▶ _Directions_
Your answer should contain only the lines from the top of the data below down through the one with "В настоящее время", transcribed exactly and without pictures; please include nothing more.

▶ _Supplied entries_
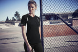 The Renegade short sleeve tee features silver feflective trim to help you stand out. Dynamic design with bold color contrast. Mesh panels for greater ventilation. Knitted striped collar
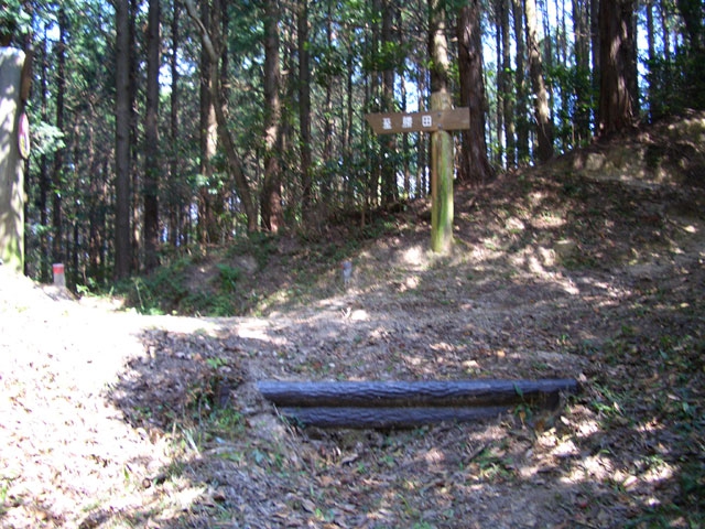 正面には道標が立てられ「至勝田」と書かれ、直進してヒノキ林の中を下っている。
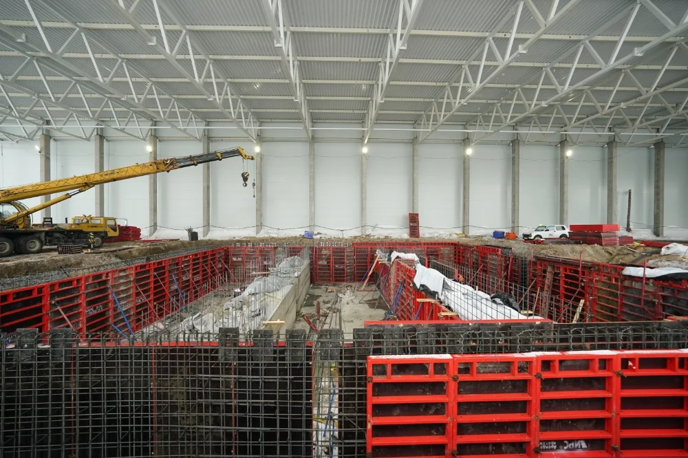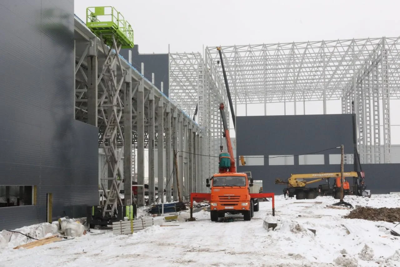 В настоящее время идет монтаж стенового и кровельного ограждения комбината, начат монтаж фундаментов под энергетическое и технологическое оборудование, продолжается возведение второго корпуса.
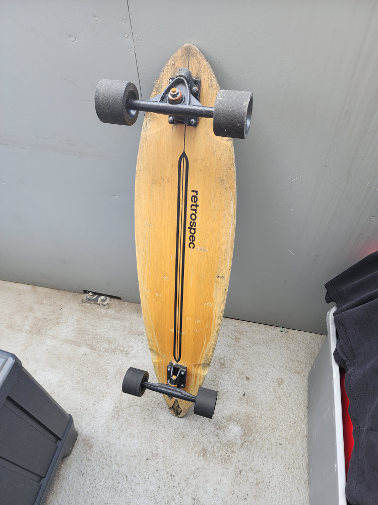 Selling a Retrospec Zed longboard skateboard. It's in good condition and ready to ride! Great for cruising around town or campus. It has a cool retro look with the Retrospec logo on the bottom.
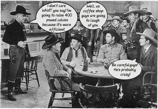What I am getting at is that it is nearly impossible to improve the efficiency of a cow living in a near natural environment raising a 400 pound calf. This brings up the problem of how many cattlemen can go this route? First they will say I’m crazy. Then they’ll say it might work in Eastern Colorado, but not where I live. Then there may be some that understand, but won’t be able to handle the abuse of their coffee shop friends.
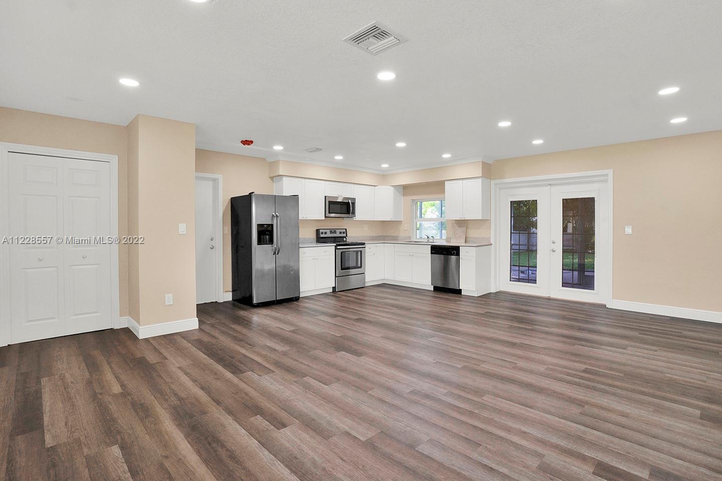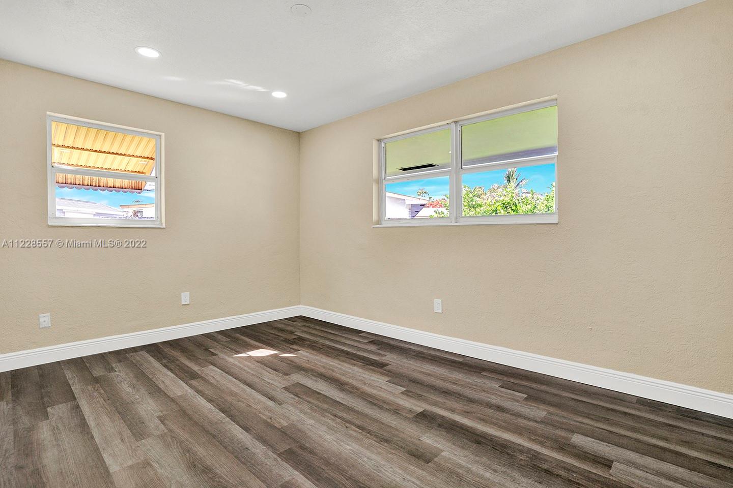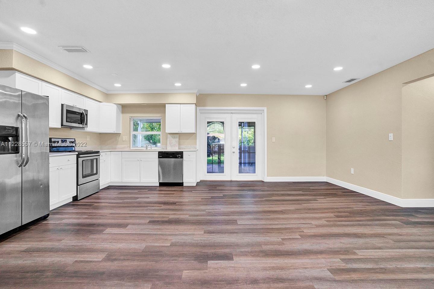 Remodeled 2/2 with an office that could be a bedroom is ready to move in! Addition not reflected in tax rolls total sqft is 1650. Property is on a large lot (10,000+ sq. ft.) and features new vinyl flooring, new a/c, updated kitchen with stainless steel appliances, hurricane impact windows, redone vanities in baths, huge patio, one-car garage and so much more. Make this your home today!
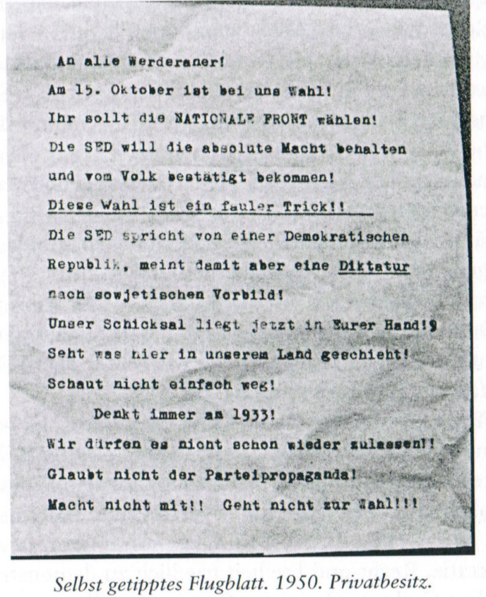 geschäftliche Korrespondenzen von ihren Arbeitsstellen an einen Kontaktmann in West-Berlin weitergegeben und zusammen mit ihrem Freund Heinz Unger Flugblätter der KgU in Werder verteilt haben.“ i
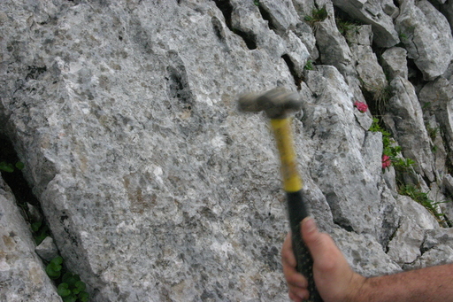 Before you start drilling, "dress" the rock; that is, hammer away the flaky top surface of the rock and flatten out a small area around where your spit is to go.
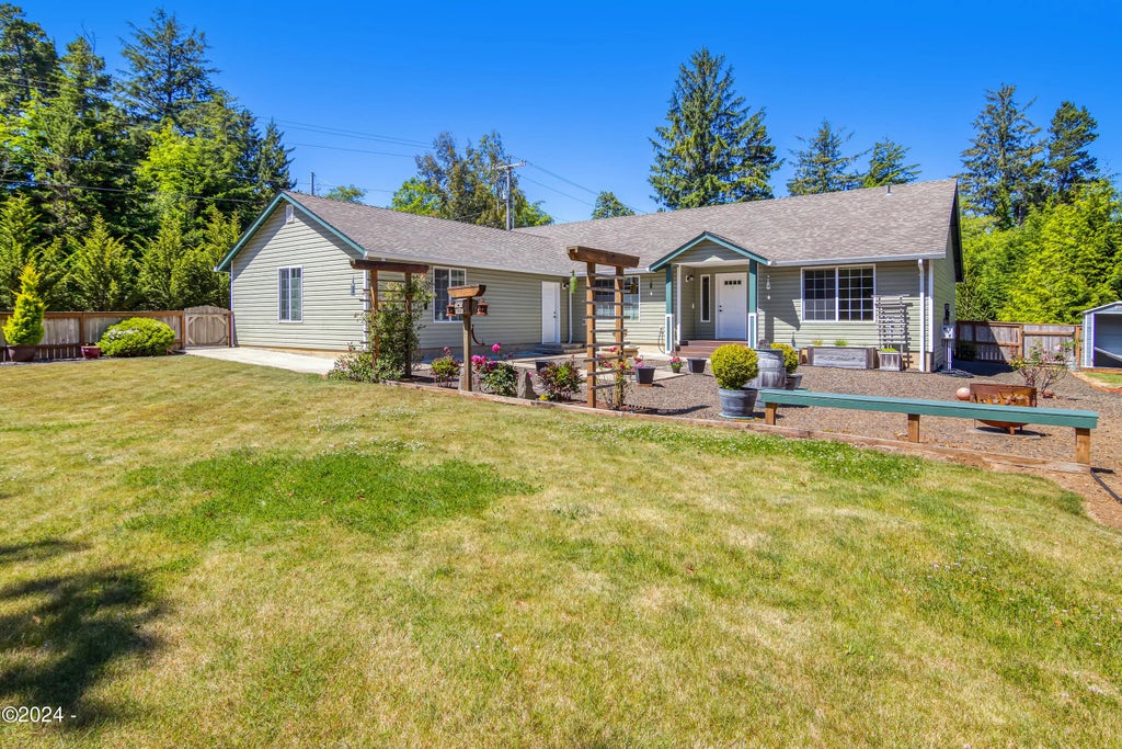 Step into a home designed for contemporary living and ease. This 3-bedroom, 2-bathroom haven features a spacious primary bedroom with a walk-in closet and en-suite bath making it your serene sanctuary. The large kitchen, with two pantries and dining room provide an ideal space for both culinary creations and gatherings. A beautiful view from every window of your private grounds. The attached, oversized two car garage adds convenience while the low-maintenance landscaping ensures that your outdoor spaces require minimal upkeep, allowing you to relax and relish every moment of your new home. With nearly an acre of land in this quiet neighborhood, there is plenty of room to add a shop, or customized deck for entertaining. All of this within a short walk to the famous Seal Rock Beach.
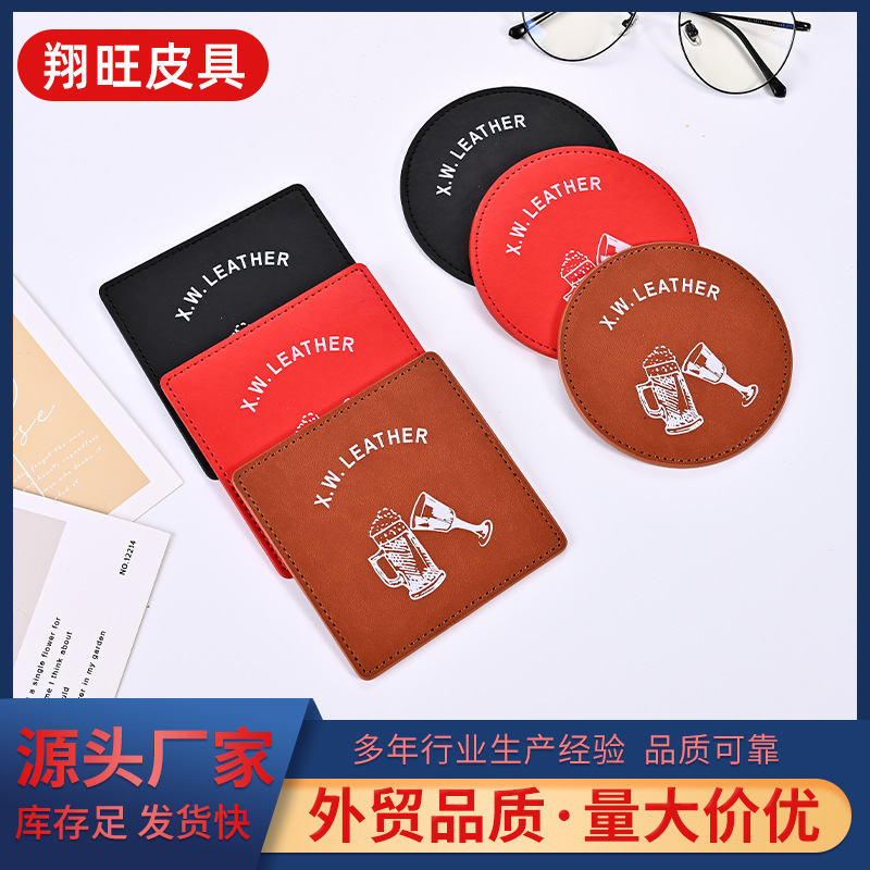 革北欧ins風コースターロゴ断熱円形pu革コーヒー茶プレゼント広告テーブルマット
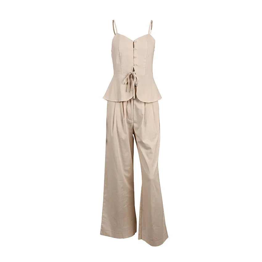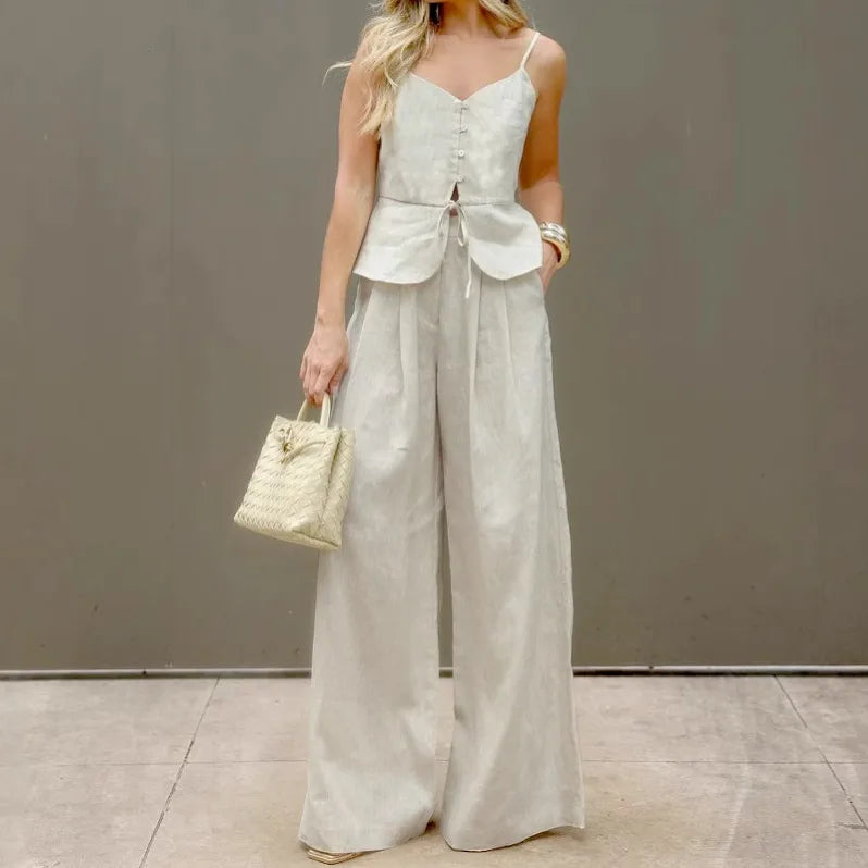 Embrace effortless elegance this summer with our two-piece set, featuring a strappy vest top and high-waist wide-leg pants. Made from a soft cotton blend, this outfit combines comfort and sophistication for your daily looks.
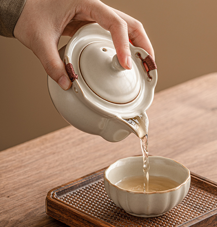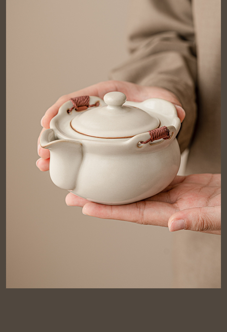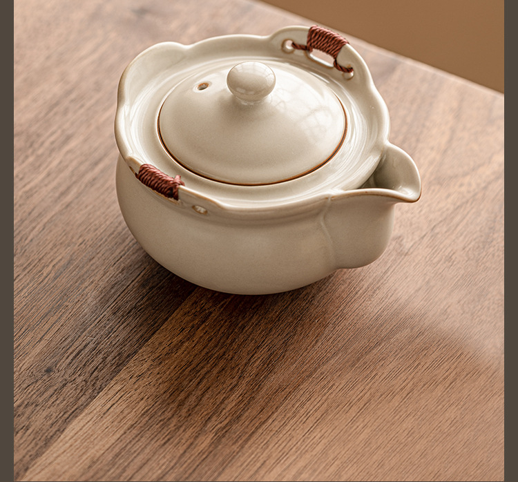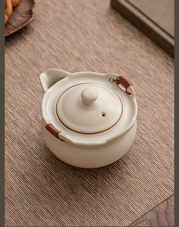 - Ấm cầm tay Ru Kiln màu vàng be ấm pha trà gốm sứ cao cấp một bộ trà Kung Fu gia dụng chống bỏng ấm đơn có nắp
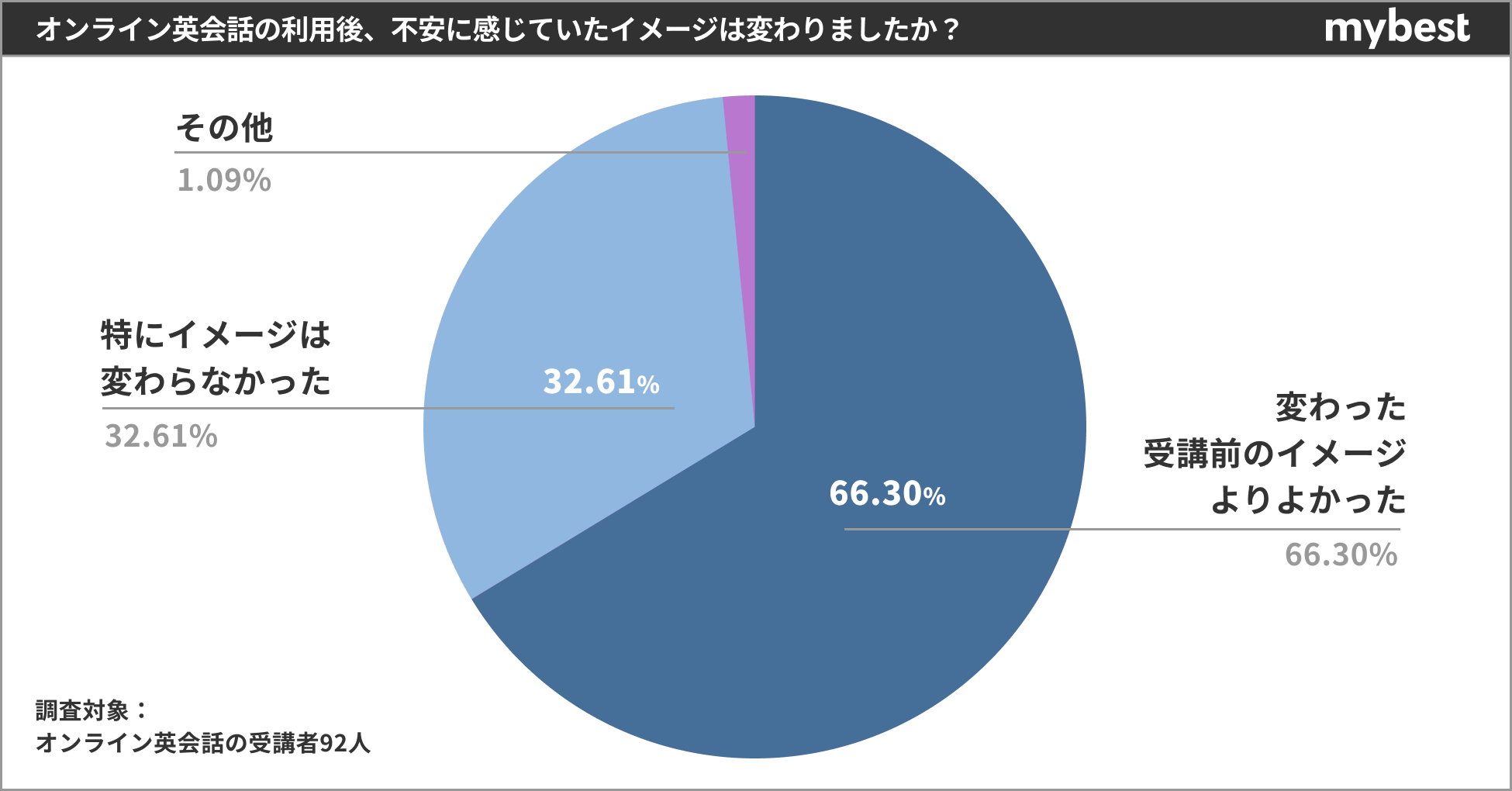 次に、オンライン英会話受講者92人を対象に、受講前と比較した受講後の満足度の変化を調査しました。その結果、61%の受講者が「オンライン英会話をはじめる前のイメージよりよかった」と回答。「レベルにあわせて先生が会話を引き出してくれた」「適度に褒めてくれてモチベーションがあがった」「講師と波長が合い、会話が楽しかった」など、未受講者が不安に感じているモチベーション面でも、講師とのコミュニケーションによって満足感を感じる人が多い結果となりました。
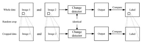 Equation (1) represents the mathematical model of local change detection. Local change detection describes whether a pixel change depends only on its adjacent area and the other pixels are irrelevant. Based on the locality assumption, we design experiments with cropped regions. The original image is randomly cropped and then the cropped patches are used for change detection. We hope to design an unsupervised change detection algorithm that achieves good accuracy on both whole and cropped images.
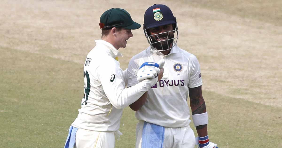 IMAGE: Virat Kohli speaks to Nathan Lyon. Photograph: BCCI
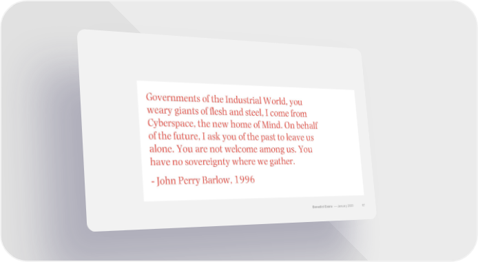 Governments of the Industrial World, you weary giants of flesh and steel, I come from Cyberspace, the new home of Mind. On behalf of the future, I ask you of the past to leave us alone. You are not welcome among us. You have no sovereignty where we gather. - John Perry Barlow, 1996 Benedict Evans –– January 2020 67

▶ _Your response_
 The Renegade short sleeve tee features silver feflective trim to help you stand out. Dynamic design with bold color contrast. Mesh panels for greater ventilation. Knitted striped collar
 正面には道標が立てられ「至勝田」と書かれ、直進してヒノキ林の中を下っている。
 В настоящее время идет монтаж стенового и кровельного ограждения комбината, начат монтаж фундаментов под энергетическое и технологическое оборудование, продолжается возведение второго корпуса.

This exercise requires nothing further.